With Medicare Part D Annual Open Enrollment season around the corner, it’s important for those who qualify to start thinking about their Medicare coverage for 2015. Admittedly, however, confusion still abounds. And the process of navigating the complex world of Medicare can be daunting indeed. Even for those who are loathe to publicize that they have reached the age of sixty five—going so far as to shun Senior Citizen metro cards and movie discounts for fear of anybody knowing your real age—the potential savings and benefits from enrollment far outweigh the intangible costs of whispering to your pharmacist that the medication’s price is covered by Medicare. Part D can also assist those who are retired and are losing their employer-provided prescription coverage. And even if they are not eligible themselves, young professionals might be asked to help a family member pick a Medicare plan; so it’s essential to better understand how to choose the right one.
Unfortunately, it’s certainly easy to go awry. For instance, you might assume that a low premium (the monthly amount you pay for the plan) equals a “good deal.” And while it may seem painless to compare premiums, there is actually much more to consider. But before we get into how to select a plan, let’s talk about what exactly Medicare Part D entails.
“Medicare Part D is the part of Medicare that covers prescription medications. Medicare prescription drug plans are operated by private companies approved by Medicare, and these plans make prescription medications safer and more affordable for Medicare beneficiaries,” explains Dr. Rebecca Rabbit, Pharm D, vice president, Medicare solutions at Express Scripts.
How do you know if you need a Medicare Part D plan?
Dr. Rabbit continues, “If you are eligible for Medicare and take any prescription medications on a short- or long-term basis, then you should enroll in a Medicare Part D Plan. Even if you are not taking any medications, you should consider enrolling because if you don’t, when you first become Medicare-eligible, you will have to pay a penalty when you do.
Plans with a high deductible, large copayments and/or a high coinsurance requirement (the portion of the price you must pay for your medications) may have lower monthly premiums but could cost significantly more if you encounter unexpected or high medication costs. Meanwhile, Part D Plans that have a higher monthly premium may offer money-saving options over the long term.”

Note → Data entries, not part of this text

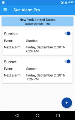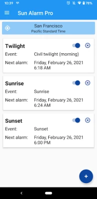 Sun Alarm je idealan alat za usklađivanje s prirodnim ritmom. Postavite precizne alarme za izlazak i zalazak sunca, kao i druge važne solarne događaje. Prilagodite svoj dan prirodnom svjetlu i nikad ne propustite savršen trenutak uz Sun Alarm.
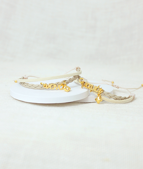 Διπλό μαρτυρικό βραχιόλι μαμά νονά. Από σουέτ κορδόνι, δερμάτινη πλεξούδα και επιχρυσωμένα στοιχεία. Δέσιμο με αυξομείωση και επίχρυσες λεπτομέρειες στις άκρες.
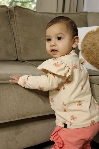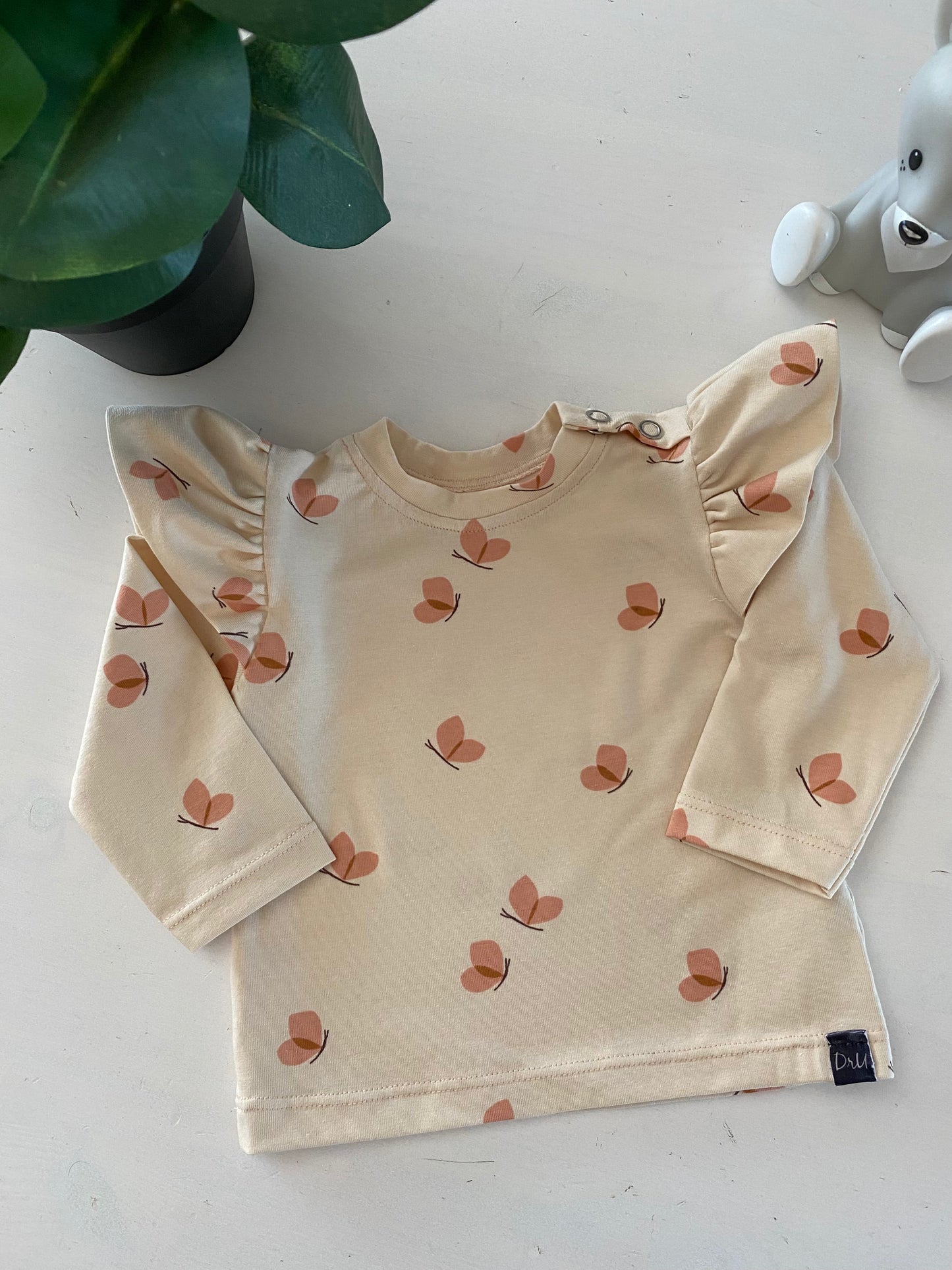 Deze schattige, handgemaakte baby longsleeve is een echt juweeltje voor je kleintje! Gemaakt van superzacht katoen tricot, voelt het heerlijk comfortabel aan op de tere huid van je baby. De longsleeve is versierd met delicate roze vlindertjes, die zorgen voor een lieflijke en speelse uitstraling. De subtiele rushes aan de schouders geven het shirtje een extra schattige touch en maken het perfect voor zowel dagelijks gebruik als speciale gelegenheden. Met dit shirtje ziet je kleine meid er niet alleen ontzettend schattig uit, maar zit ze ook heerlijk comfortabel!
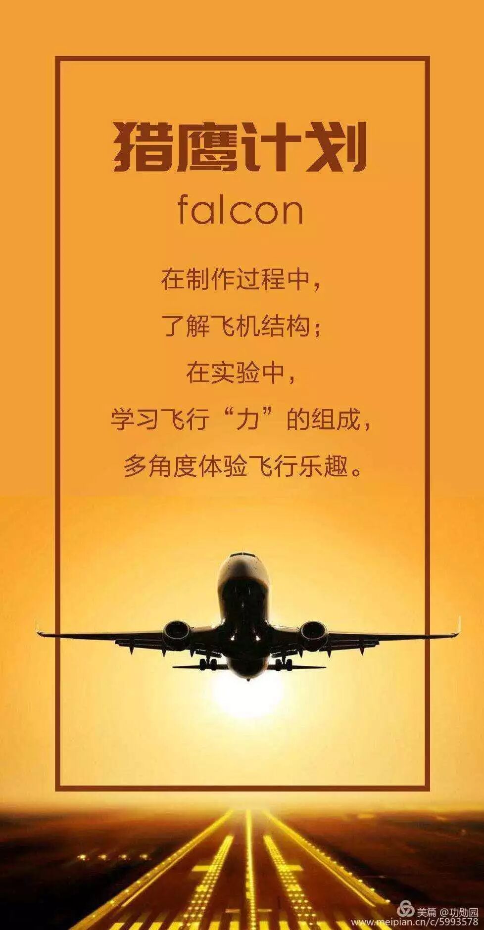 在专业航模教练的指导下了解一架飞机从设计、生产制作、调试试飞的全过程,在制作环节中学习飞机结构、飞行知识与原理,体验飞机制造过程的严谨性、专业性、趣味性。
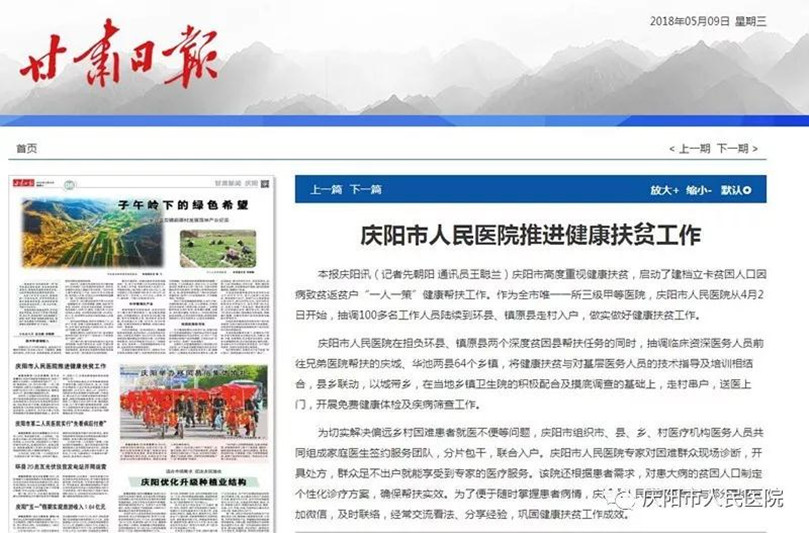 健康扶貧:脫貧先祛病。2018年市醫(yī)院健康扶貧幫扶對象涉及4縣64個鄉(xiāng)鎮(zhèn)幫扶點及若干貧困戶,抽調(diào)104名各學(xué)科的專家精英、業(yè)務(wù)骨干為扶貧專家,進村入戶為困難群眾看病約400余次,接診患者3萬多人次。形成了健康扶貧合力攻堅、上下聯(lián)動積極推進、督導(dǎo)調(diào)研精準(zhǔn)幫扶、政策宣傳人人知曉、健康扶貧落地生根的良好效應(yīng)。市醫(yī)院健康扶貧工作先后在《今日頭條》《甘肅日報》《隴東報》以及新媒體印象慶陽網(wǎng)、市政府網(wǎng)站、市衛(wèi)計委網(wǎng)站等圖文報道。

Knowing what to look for can make the task of selecting a plan a lot easier. Here are the most important elements on which to focus, according to Dr. Rabbit…
- Premium: That’s what you pay for the insurance each month. But it is only the starting point, even though for all too many it is also the ending point!

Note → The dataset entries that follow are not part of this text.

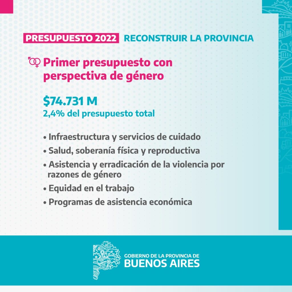 Por primera vez en la provincia de Buenos Aires se presentó hace unos días en la Legislatura bonaerense el presupuesto para el año 2022 que contempla la perspectiva de género. Según se indicó, fue un trabajo en el que intervinieron el Ministerio de Hacienda y Finanzas y el Ministerio de las Mujeres, Políticas de Género y Diversidad Sexual.
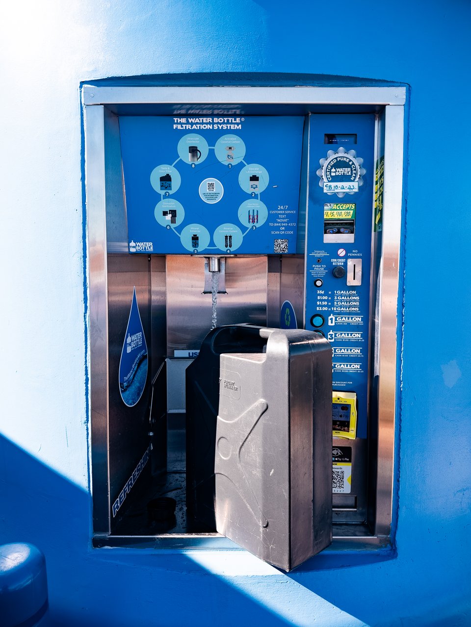 Water and propane are next on the list. I can’t find a propane refill station nearby, so I switch my attention to water. A search reveals a spot called The Water Bottle. We’ve used similar services before, but this particular one has some real character.
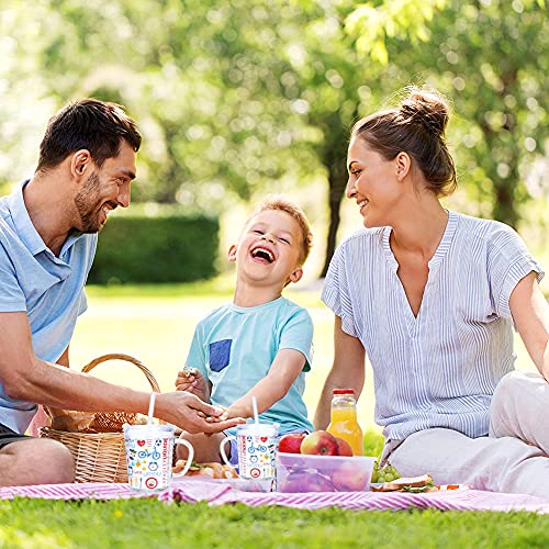 Dimensioni: Il calibro è di 9 cm, l'altezza è di 11,3 cm, la capacità è di 350 ml e il manico è abbastanza largo per bambini e neonati, adatto per tutti i tipi di bambini e ragazzi. (Nota: La copertura a prova di perdite non è adatta alle alte temperature. La copertura a prova di perdite deve essere rimossa prima di riscaldare)
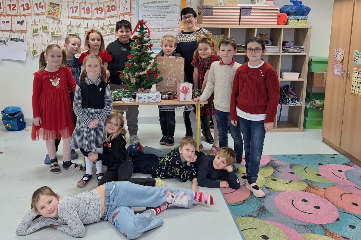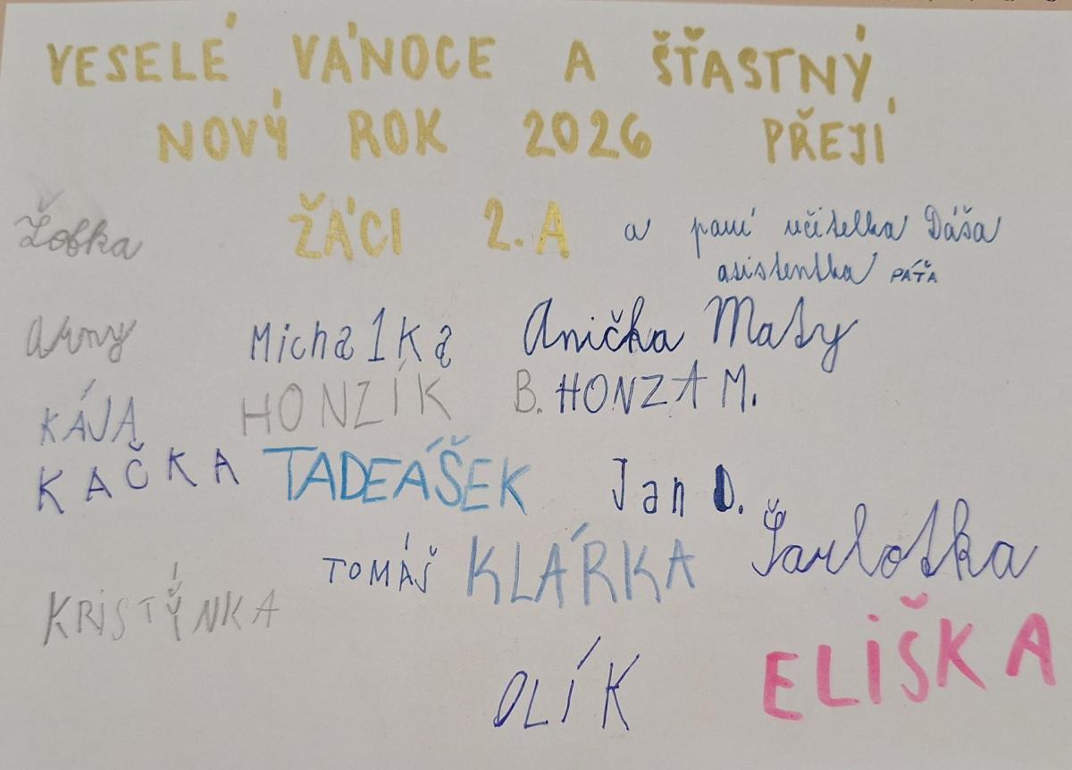 Veselé Vánoce a hodně štěstí, zdraví, lásky a pohody v novém roce 2026 přejí žáci 2.A, paní učitelka Dáša a asistentka pedagoga Patrika

- Deductible: This is the amount you are required to spend in total each year on your medications before your plan’s coverage kicks in. After the premium, it is also still just an easy focal point that may disguise the full cost or benefit of a Plan. It is important to remember that this is a 100% number, meaning it eliminates coverage completely, until the deductible level is reached; unlike the copay/coinsurance amount which is an ongoing percentage of each purchase.
- Copayments and Coinsurance: The answer to the dreaded question, “How much is my copay?” is the portion of every post-deductible charge that you are required to pay outside of the coverage. The answer you want to hear is always “There isn’t one.”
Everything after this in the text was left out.